There’s now a reasonable chance that the US Fed funds rate will move above the RBA’s cash rate at some point next year.
It’s got some investors excited about the prospect of an Aussie dollar bloodbath, buoyed by the understanding that when US interest rates exceeded Australia’s in the past, the Aussie was always hammered.
This chart from the National Australia Bank (NAB) shows the relationship between Australian and US overnight borrowing rates versus movements in the AUD/USD cross.
While some will be readying phrases such as the Aussie battler and Pacific peso in anticipation of renewed Australian dollar weakness, even if US rates exceed Australia’s it’s unlikely to see the Aussie tumble below 50 cents as it did in the early 2000s, says the NAB.

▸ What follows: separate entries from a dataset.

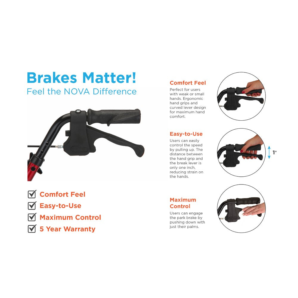 • WHEELS & BRAKES: Equipped with All-Terrain 8" rubber wheels with a 1 3/4" wide base, NOVA's wheels are durable, great for indoor and outdoor use and make the ride smooth and stable. NOVA's patented feather touch hand brakes are uniquely designed for maximum comfort and control. It is easy to engage the brake with a small grip and minimal hand strength. Parking or locking the brakes takes just a gentle push downward on the lever and a pull upwards to release. Our brakes are backed by the best Brake Warranty with a 5 year warranty on all brake parts
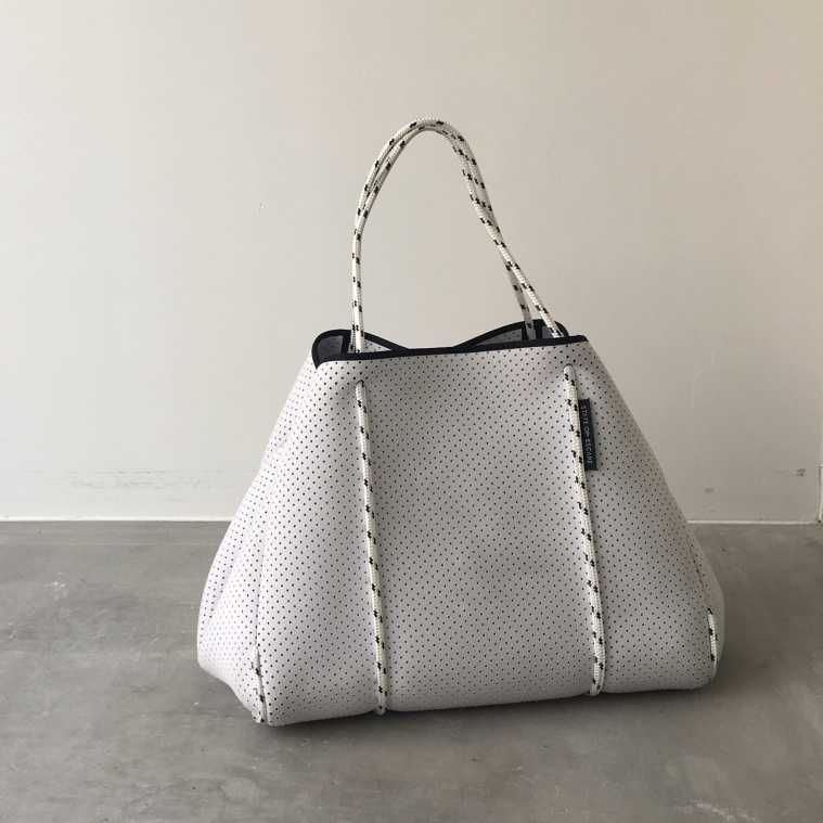 雨の日ならずとも愛用している、このトートバッグ。「STATE OF ESCAPE(ステイトオブエスケープ)」というブランドのものなのですが、本体はサーフィンのボディスーツにも使われている素材なんです。なので、とびきり軽くて、丈夫で、収納力も抜群。自宅の洗濯機で洗えて、おまけにデザインもこなれた感じとくれば、人気が高いのもうなずけます。もちろんこのブランド以外にも、ビニール素材やナイロン製など、雨に強くて、同時に見た目にも夏らしさを両立するバッグがたくさん出ているので、好みのタイプを探してみてください。
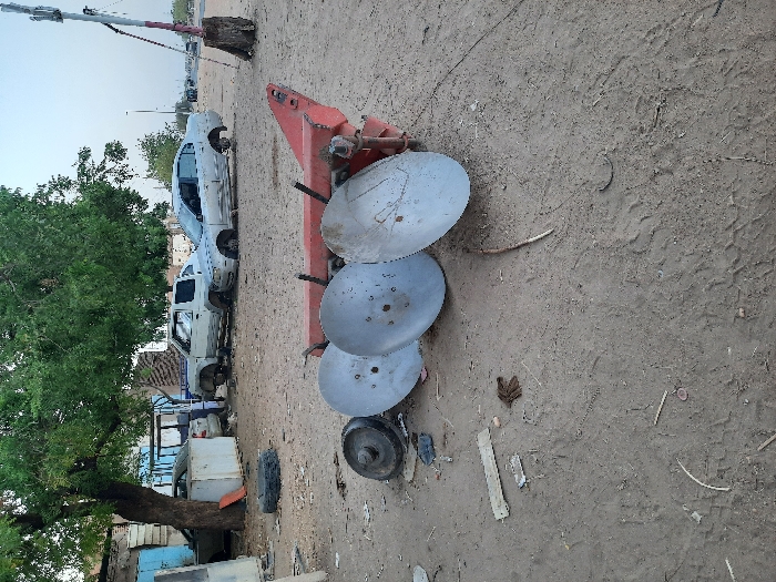 red farm implement with three large, round, metal discs lying on the ground, in the foreground
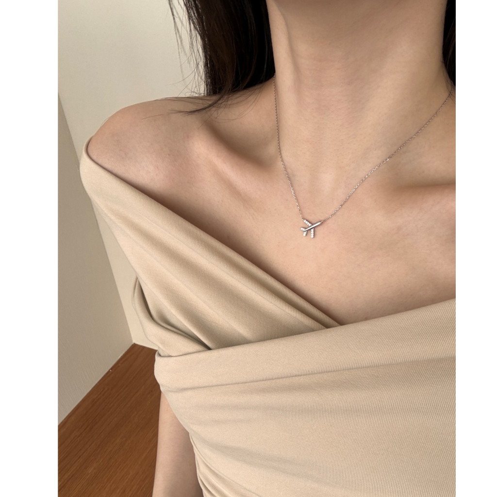 Sidabrinė grandinėlė su cirkonio pakabuku "Lėktuvas"
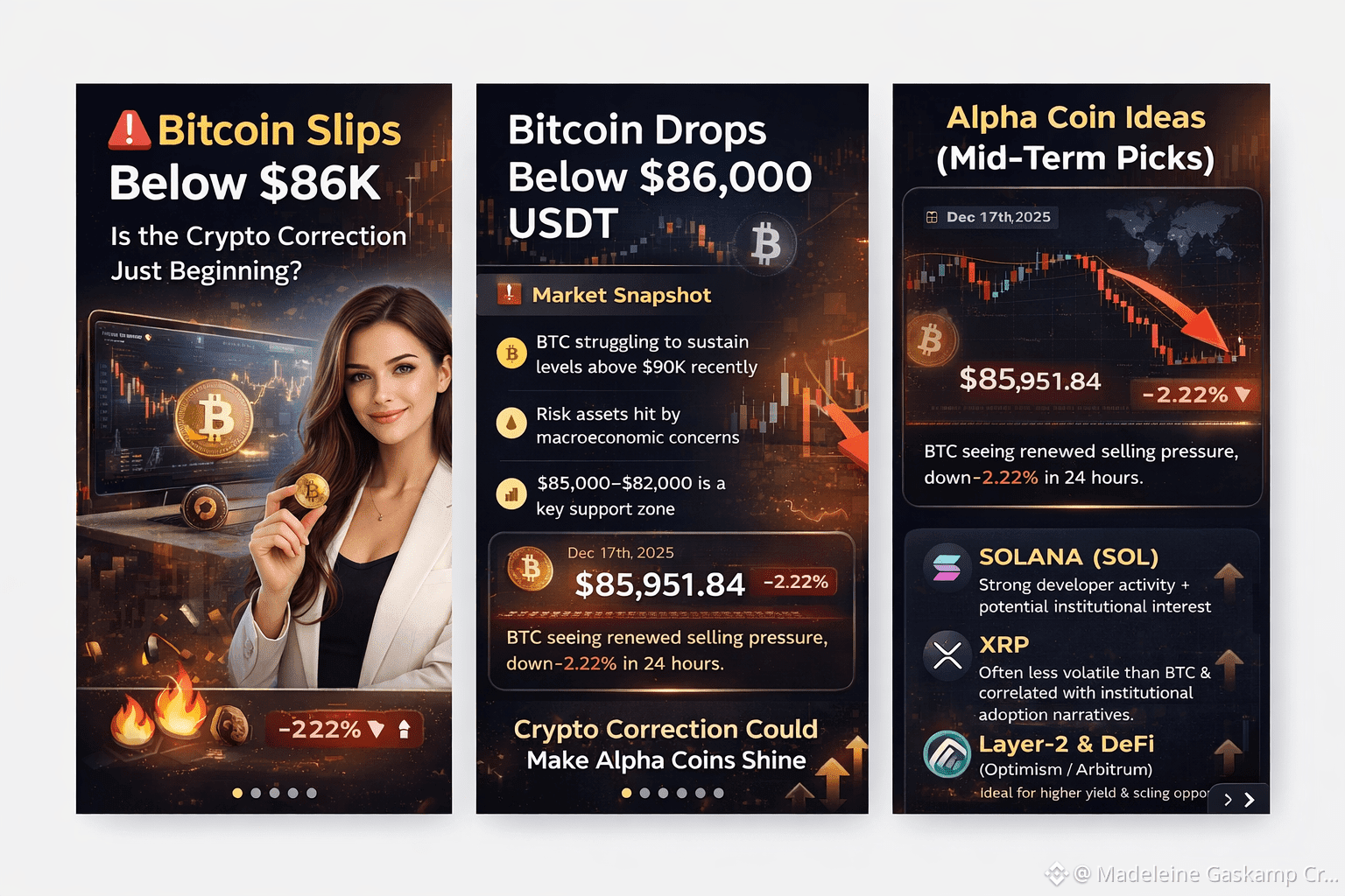 🚨 Bitcoin Slips Below $86K — Is the Crypto Correction Just Beginning?
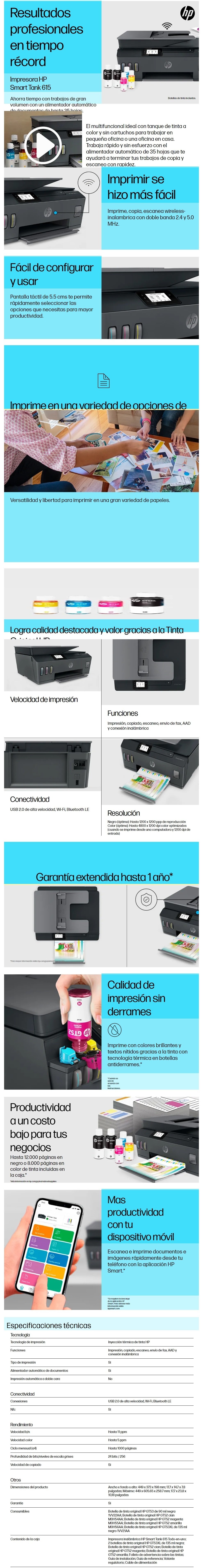 Impresora Multifuncional HP SMART TANK 615 / Inyección Térmica De Tinta / Color 5ppm / B/N 11ppm / USB, Wifi, Bluetooth LE / Impresión, Copia, Escaneado, Fax / Negro

“While acknowledging that the rate spread was likely to be a negative for the Australian dollar, we pointed out that the early 2000s situation was quite different, as then the US dollar was super strong on the back of strong capital flows into the US in turn related to the tech boom, US real interest rates were very high and capital flows to Australia were relatively suppressed by views that Australia was an ‘old economy’ and why would anyone ever invest in mining again?!”
The NAB currently sees the AUD/USD weakening to 70 cents over the next six to 12 months on the back of higher US interest rates and some moderation in Australia’s key commodity export prices.
A selloff in other words, rather than a shellacking.